Error code 126/127 when using mallet on Google colab

441 Views Asked by At
from gensim.models.wrappers import LdaMallet
# mallet_path = 'C:/Users/kmuth/Downloads/mallet-2.0.8/bin/mallet' # update this path
mallet_path = '/content/drive/MyDrive/data/mallet/mallet-2.0.8/bin/mallet'
ldamallet = gensim.models.wrappers.LdaMallet(mallet_path, corpus=doc_term_matrix, num_topics=15, id2word=dictionary)

I'm currently having this error: CalledProcessError: Command '/content/drive/MyDrive/data/mallet/mallet-2.0.8/bin/mallet import-file --preserve-case --keep-sequence --remove-stopwords --token-regex "\S+" --input /tmp/d20b66_corpus.txt --output /tmp/d20b66_corpus.mallet' returned non-zero exit status 126.

when trying to create an lda model using mallet as i have read it somehow does a better job than the built in lda model in the gensim package.

i'm trying to follow this tutorial(to try the mallet bit): https://www.machinelearningplus.com/nlp/topic-modeling-gensim-python/#14computemodelperplexityandcoherencescore

I would really appreciate any help as I don't have any idea to what the error is. Is it not finding the file, do I have to install it? Pretty much a noob

I have tried to change the mallet path around from my pc and from my drive with no avail.

Thank you, Sean

1

There are 1 best solutions below

3
gojomo On

IIUC, Google Colab runs on Google's servers.

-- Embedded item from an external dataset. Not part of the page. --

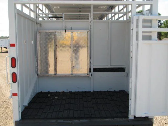 Remorque à bétail 2025 38’x102″ à chargement au sol, prête à travailler pour vous ! Peut contenir 800 livres par pied (38 à 800 lb pour les yearlings / 30 à 1000 lb pour les vaches), pont supérieur de 10′, pont principal de 22′, boîte arrière de 6′ avec rampe pleine largeur, porte de chargement arrière coulissante (capacité à s’ouvrir complètement), (4) feux intérieurs et (2) feux de recul arrière, (2) compartiments de 11″, (3) barrières de séparation, application Gator-Hyde à l’intérieur, plancher en caoutchouc à crampons avec nettoyages, suspension pneumatique avec soupape de décharge manuelle, 40 trous ovales perforés, pneus 255/70R22.5, roues en acier, 50 000 pnb, toit de remorque blanc, fond de remorque noir, barrières à loquet automatiques, palier à 2 vitesses, Largeur intérieure de 97 po, nettoyages de plancher, application Coreshield à l’intérieur, déflecteurs de nervures

Did you compile/install the native mallet executable (on which that gensim.models.wrappers.LdaMallet depends) to a path and format – accessable to the notebook – from which the Google Colab notebook can execute it? (Is that even allowed in Google Colab?)

Note also that the latest (4.0+) versions of Gensim have eliminated the wrappers as somewhat awkward to use, hard-to-maintain, & somewhat redundant with other implementations. So you may want to consider using Gensim's own LdaModel instead of this no-longer-supported wrapper of another package.